**ACTION ITEM:**
What is needed is an exact copy of the lines from the line holding "Счастливая девушка проводит" through the end of the material, with no other lines and no pictures.

····················

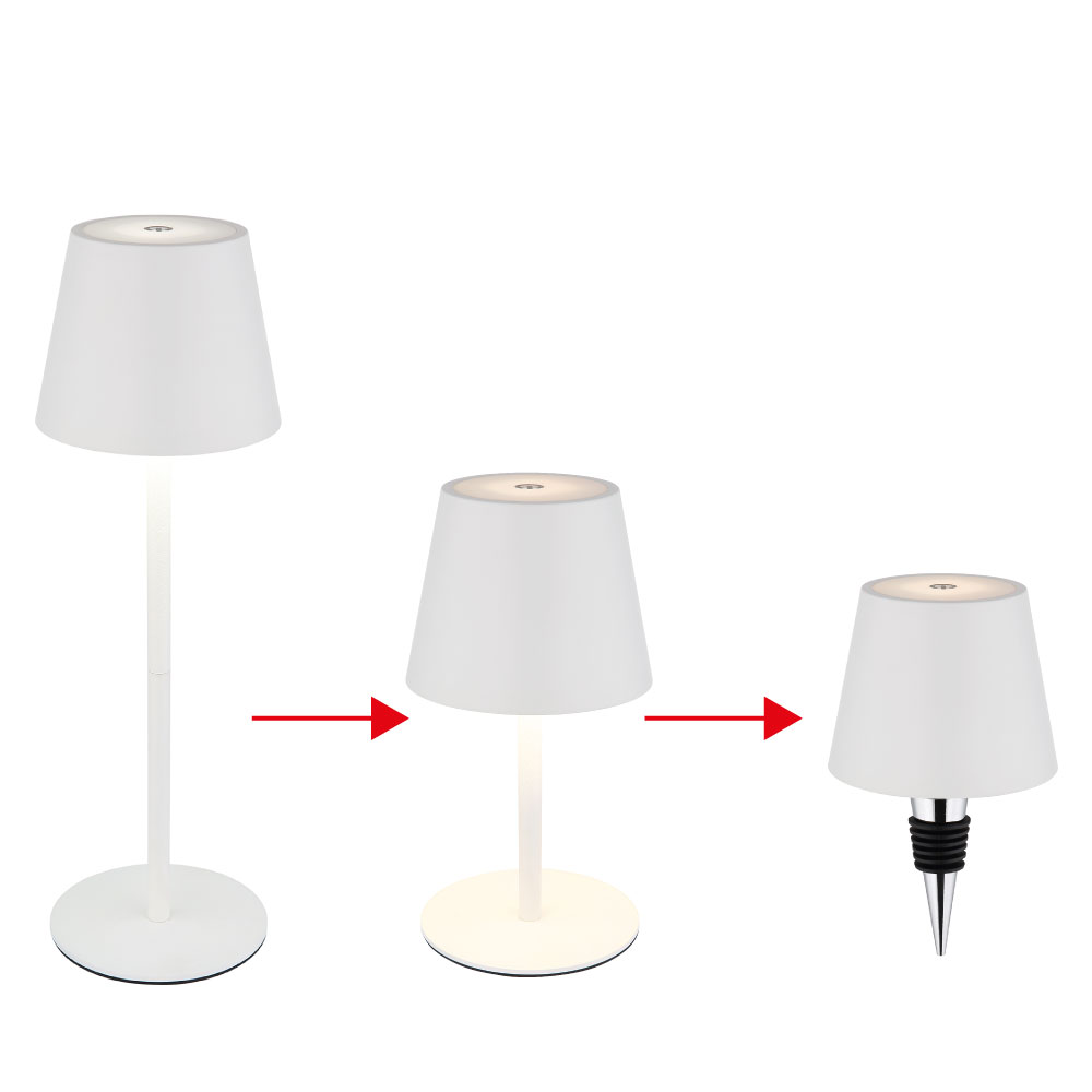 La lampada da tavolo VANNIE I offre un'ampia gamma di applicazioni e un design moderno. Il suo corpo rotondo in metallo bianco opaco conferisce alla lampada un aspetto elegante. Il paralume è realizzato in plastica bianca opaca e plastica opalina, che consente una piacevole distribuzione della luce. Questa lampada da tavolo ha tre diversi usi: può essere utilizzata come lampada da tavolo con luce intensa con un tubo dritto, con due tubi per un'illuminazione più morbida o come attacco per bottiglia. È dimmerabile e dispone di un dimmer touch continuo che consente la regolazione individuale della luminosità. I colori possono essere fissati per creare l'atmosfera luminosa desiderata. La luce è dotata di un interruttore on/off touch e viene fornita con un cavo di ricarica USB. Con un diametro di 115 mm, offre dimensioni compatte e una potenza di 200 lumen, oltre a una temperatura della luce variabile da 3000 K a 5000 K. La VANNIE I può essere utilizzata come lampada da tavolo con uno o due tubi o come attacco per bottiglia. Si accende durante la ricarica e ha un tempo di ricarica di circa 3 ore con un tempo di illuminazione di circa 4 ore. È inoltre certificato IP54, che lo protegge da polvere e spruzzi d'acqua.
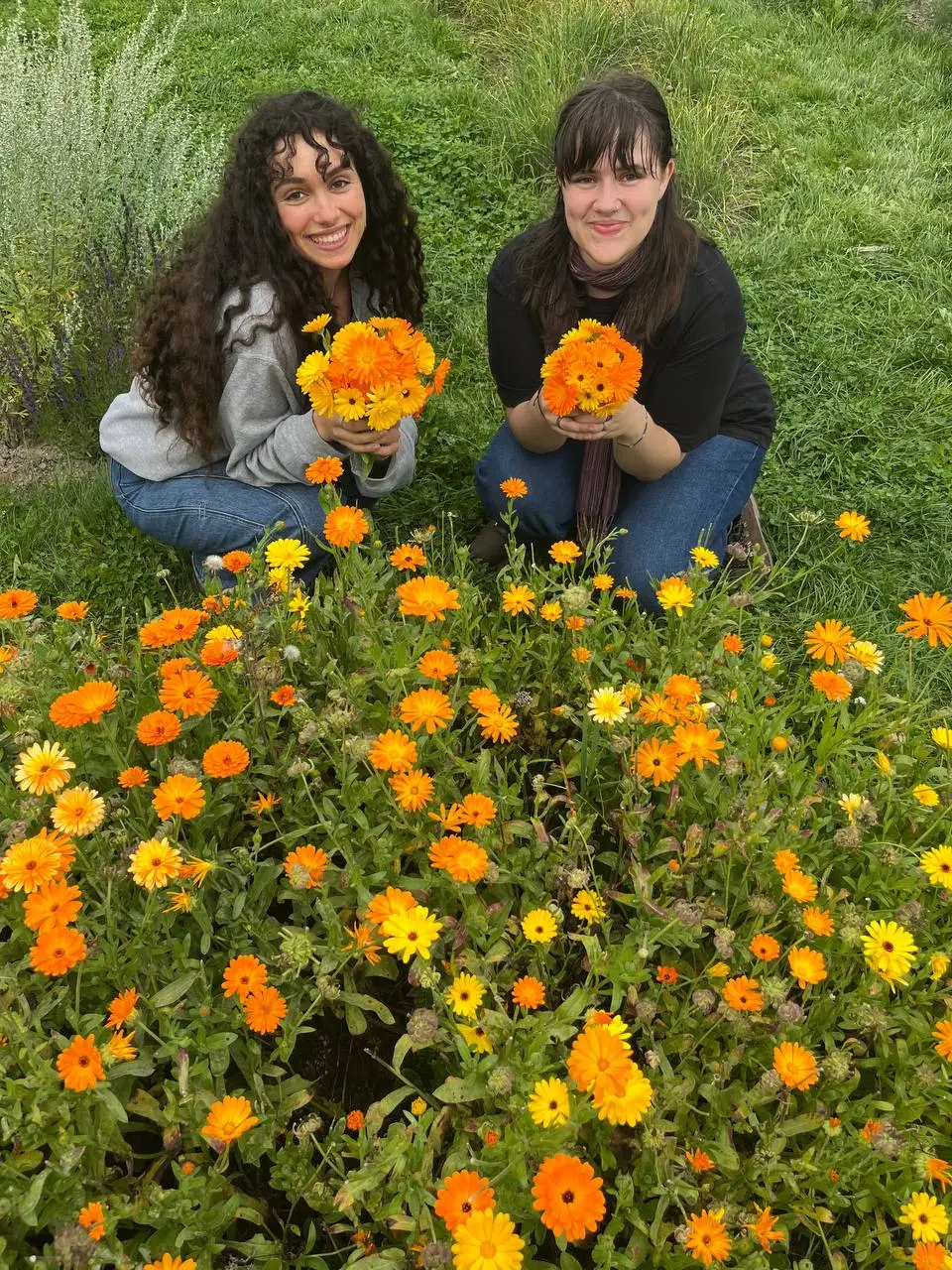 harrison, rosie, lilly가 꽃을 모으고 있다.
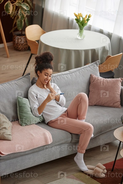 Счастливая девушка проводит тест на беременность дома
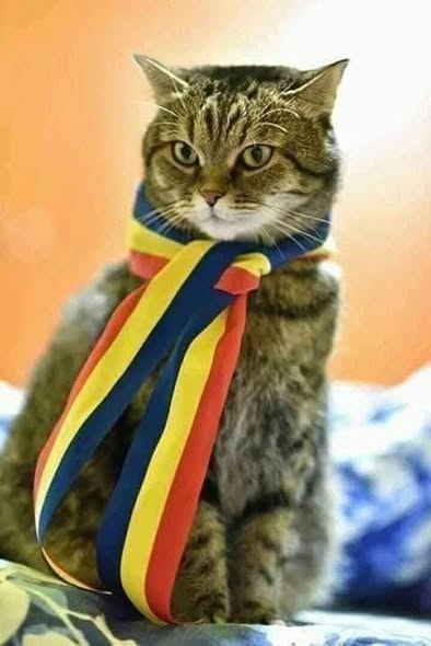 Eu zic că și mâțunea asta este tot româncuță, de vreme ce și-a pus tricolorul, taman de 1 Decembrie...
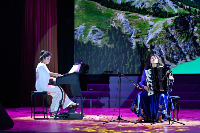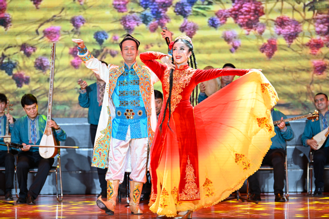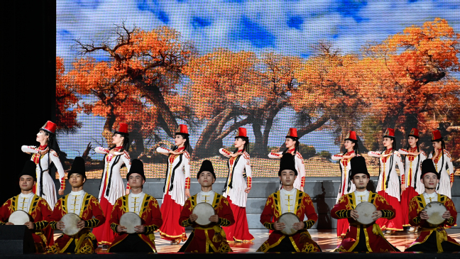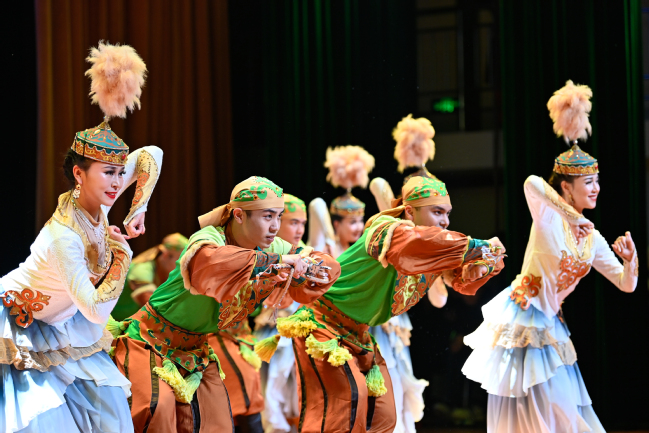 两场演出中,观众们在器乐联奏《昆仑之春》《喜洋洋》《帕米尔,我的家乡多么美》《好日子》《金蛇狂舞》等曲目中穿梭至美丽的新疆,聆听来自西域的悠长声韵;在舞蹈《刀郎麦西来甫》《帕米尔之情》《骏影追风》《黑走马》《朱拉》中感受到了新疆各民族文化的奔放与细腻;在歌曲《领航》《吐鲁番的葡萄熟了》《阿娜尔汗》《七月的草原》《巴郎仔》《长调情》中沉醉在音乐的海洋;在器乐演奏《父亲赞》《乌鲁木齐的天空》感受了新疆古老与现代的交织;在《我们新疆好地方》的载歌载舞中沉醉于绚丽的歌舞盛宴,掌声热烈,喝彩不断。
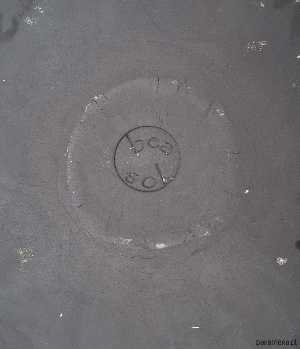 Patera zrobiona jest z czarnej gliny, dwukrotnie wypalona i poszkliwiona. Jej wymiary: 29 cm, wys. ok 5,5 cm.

····················

**RESULT OF THE EXERCISE:**
 Счастливая девушка проводит тест на беременность дома
 Eu zic că și mâțunea asta este tot româncuță, de vreme ce și-a pus tricolorul, taman de 1 Decembrie...
 两场演出中,观众们在器乐联奏《昆仑之春》《喜洋洋》《帕米尔,我的家乡多么美》《好日子》《金蛇狂舞》等曲目中穿梭至美丽的新疆,聆听来自西域的悠长声韵;在舞蹈《刀郎麦西来甫》《帕米尔之情》《骏影追风》《黑走马》《朱拉》中感受到了新疆各民族文化的奔放与细腻;在歌曲《领航》《吐鲁番的葡萄熟了》《阿娜尔汗》《七月的草原》《巴郎仔》《长调情》中沉醉在音乐的海洋;在器乐演奏《父亲赞》《乌鲁木齐的天空》感受了新疆古老与现代的交织;在《我们新疆好地方》的载歌载舞中沉醉于绚丽的歌舞盛宴,掌声热烈,喝彩不断。
 Patera zrobiona jest z czarnej gliny, dwukrotnie wypalona i poszkliwiona. Jej wymiary: 29 cm, wys. ok 5,5 cm.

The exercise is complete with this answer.